*Records shown*
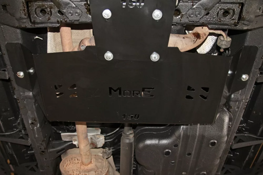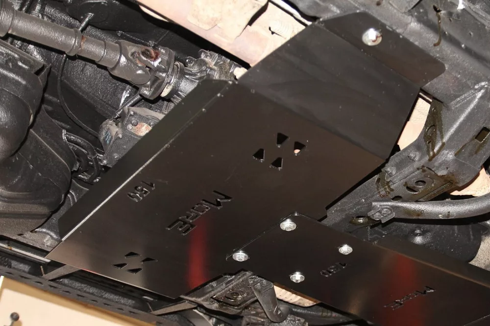 The skid plate is made of 4 mm steel. With the cover there is a set of mounting screws provided using the factory holes and threads in the vehicle frame. The steel covers are painted with two layers of black powder paint.
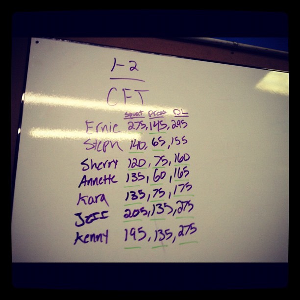 We did CFT for our WOD and it was good and not so good! I PR’d (Personal Record) my Press by 5lbs and my Backsquat by 5lbs. I did not however do good at Deadlift! I was not happy. I didn’t even come close to my Max of 185. Fatigue and bum hip got to me I think. So overall for the morning 140lbs backsquat, 65lbs shoulder press and 155 deadlift.
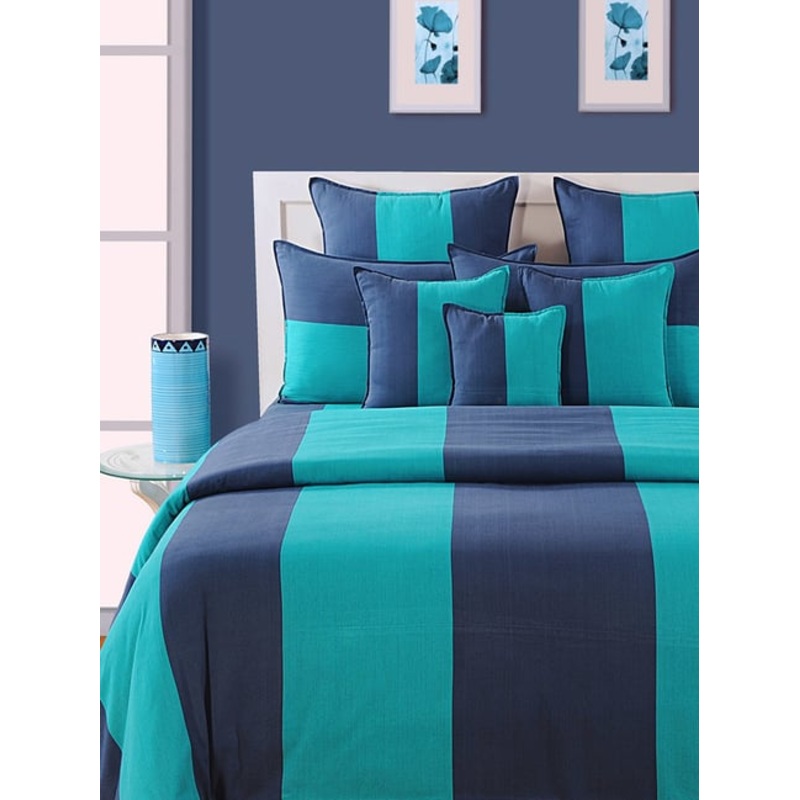 GR4670178720Swayam Blue Cotton Stripes Double Bed Sheets 2 Pillow Covers
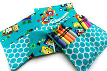 This crayon wallet is Retro-style Robots in teal with polka dot pocket. Perfect for little artists. High quality fabric Handmade
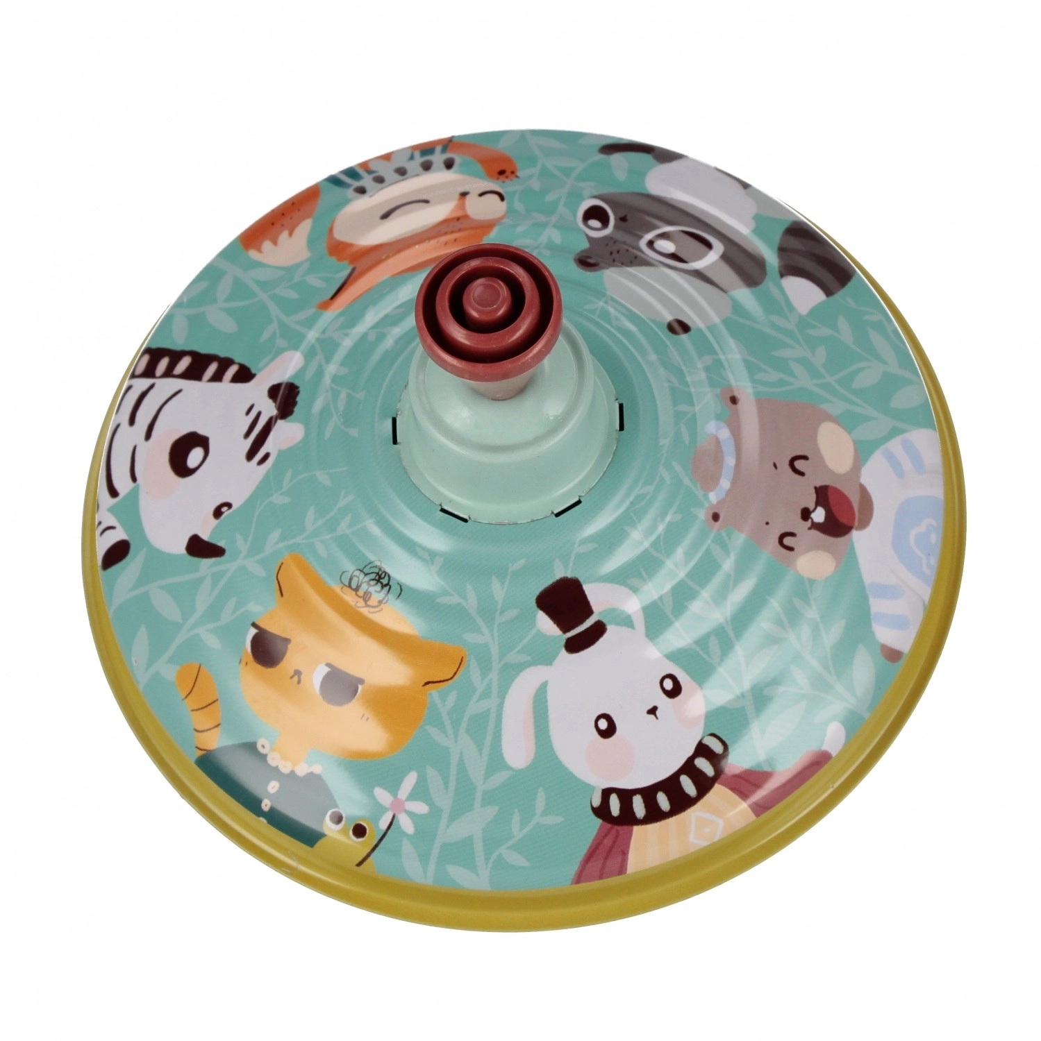 Устойчивото метално тяло с цветни илюстрации на животни съчетава традиционно качество с модерен вид – идеално за ежедневна игра.

*Description of the task*
Copy the lines above exactly, starting with the line that contains "We did CFT for" and ending with the line that contains "This crayon wallet", and leave out any pictures.

*Answer space*
 We did CFT for our WOD and it was good and not so good! I PR’d (Personal Record) my Press by 5lbs and my Backsquat by 5lbs. I did not however do good at Deadlift! I was not happy. I didn’t even come close to my Max of 185. Fatigue and bum hip got to me I think. So overall for the morning 140lbs backsquat, 65lbs shoulder press and 155 deadlift.
 GR4670178720Swayam Blue Cotton Stripes Double Bed Sheets 2 Pillow Covers
 This crayon wallet is Retro-style Robots in teal with polka dot pocket. Perfect for little artists. High quality fabric Handmade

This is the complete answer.